How to use phyloT
phyloT automatically generates phylogenetic trees based on the full NCBI taxonomy. After parsing the complete NCBI taxonomy database, phyloT will generate a pruned tree in the selected format, based on the tree elements you provide. Tree elements can by typed/pasted into the provided input box, or uploaded in a plain text file. You can use any combination of the following element types, separated using commas or newlines:
- NCBI taxonomy IDs: they will appear as leaves in the generated tree, regardless of their taxonomic class. Classes can be mixed freely, ie. one ID can represent a species and another a phylum
- NCBI scientific names: make sure you provide the proper NCBI scientific name (including proper capitalization). For example, human should be specified as "Homo sapiens". Othewise, they function exactly the same as NCBI taxonomy IDs. Please note that we exclude names containing special characters from our database, please use numeric taxonomy IDs instead. You can also use the taxonomy names search box, described below.
- UniProt species identification codes: Codes should be in captial letters, exactly as listed in UniProt speclist.txt. They will be replaced by the corresponding NCBI taxonomy ID or scientific name.
- UniProt protein IDs or ACCs: proteins will appear as leaves in the generated tree, while the clades will be NCBI taxonomy IDs. If multiple IDs map to the same species, they will all be grouped into a multifurcating clade.
- NCBI GenBank nucleotide ACCs: they function the same as Uniprot IDs
Click any of the 'Example' buttons below the main input field to see various example tree element combinations.
Searching for a NCBI scientific name
Use the 'Search taxonomy' box to quickly search the full database of NCBI taxonomy names. Each result will show the full scientific name with its taxonomic class and NCBI taxonomy ID. Clicking on any result will append its tax ID to the current tree elements.
Including full clades
phyloT supports generation of full clade trees for any NCBI taxonomy ID or scientific name. To include the complete sub-tree for a NCBI taxonomy ID (or scientific name), simply append a vertical line followed by the keyword "subtree" to the input element.
The example input above would generate a tree containing 2 clades: Mammalia and Insecta (NCBI Tax ID 7147). All NCBI nodes belonging to these clades would be included.

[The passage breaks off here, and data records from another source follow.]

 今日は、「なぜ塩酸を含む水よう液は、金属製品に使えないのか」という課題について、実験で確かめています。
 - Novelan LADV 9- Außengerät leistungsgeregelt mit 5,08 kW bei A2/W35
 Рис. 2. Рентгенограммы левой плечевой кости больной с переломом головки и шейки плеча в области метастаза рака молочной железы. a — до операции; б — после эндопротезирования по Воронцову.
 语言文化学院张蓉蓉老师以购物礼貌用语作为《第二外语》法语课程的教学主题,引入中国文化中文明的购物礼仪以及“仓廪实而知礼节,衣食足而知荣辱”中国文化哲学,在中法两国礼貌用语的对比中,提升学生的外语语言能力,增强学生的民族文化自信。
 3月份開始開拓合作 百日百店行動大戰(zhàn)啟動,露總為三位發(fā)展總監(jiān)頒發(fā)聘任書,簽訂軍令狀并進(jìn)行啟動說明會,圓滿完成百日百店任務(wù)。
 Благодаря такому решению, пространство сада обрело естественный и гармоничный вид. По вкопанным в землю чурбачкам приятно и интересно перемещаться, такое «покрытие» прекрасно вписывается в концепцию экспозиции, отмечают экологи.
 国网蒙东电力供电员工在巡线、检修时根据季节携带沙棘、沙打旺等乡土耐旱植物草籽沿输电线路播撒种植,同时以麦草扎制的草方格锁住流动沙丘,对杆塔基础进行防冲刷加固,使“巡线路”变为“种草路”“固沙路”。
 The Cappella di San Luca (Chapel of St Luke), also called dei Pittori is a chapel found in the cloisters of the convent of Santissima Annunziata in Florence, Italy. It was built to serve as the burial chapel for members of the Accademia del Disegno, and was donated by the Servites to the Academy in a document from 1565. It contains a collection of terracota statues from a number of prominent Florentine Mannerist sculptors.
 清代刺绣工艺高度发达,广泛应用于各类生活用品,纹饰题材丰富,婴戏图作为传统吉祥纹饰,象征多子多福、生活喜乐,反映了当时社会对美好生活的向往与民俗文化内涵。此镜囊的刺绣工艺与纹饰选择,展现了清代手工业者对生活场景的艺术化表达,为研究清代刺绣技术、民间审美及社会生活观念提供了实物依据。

In the example above, the final tree would contain ~33 000 nodes, making it hard to manipulate or visualize. phyloT offers two mechanisms for filtering nodes from generated trees:
Interrupting at a specific class
Using the "Interrupt at" selector, you can specify a taxonomic class where the tree generation will be stopped. For example, if "Genus" is selected, leaves of the included clades will correspond to nodes with taxonomic class genus. Note that this applies only to full clades (ie. nodes appended with keyword "|subtree"). You can still include additional elements corresponding to "higher" taxonomic classes, and these will be present in the tree. For example:
Mammalia|subtree 7147|subtree Escherichia_coli
In the example above, with "Interrupt at" set to Genus, Escherichia coli would still appear as a regular leaf in the tree, even though its class is species (ie. 'higher' than genus).
Removing nodes matching a text pattern
You can remove all nodes whose scientific names match a certain pattern. Simply type the words and phrases which should be filtered into the Filtering field, separated with commas.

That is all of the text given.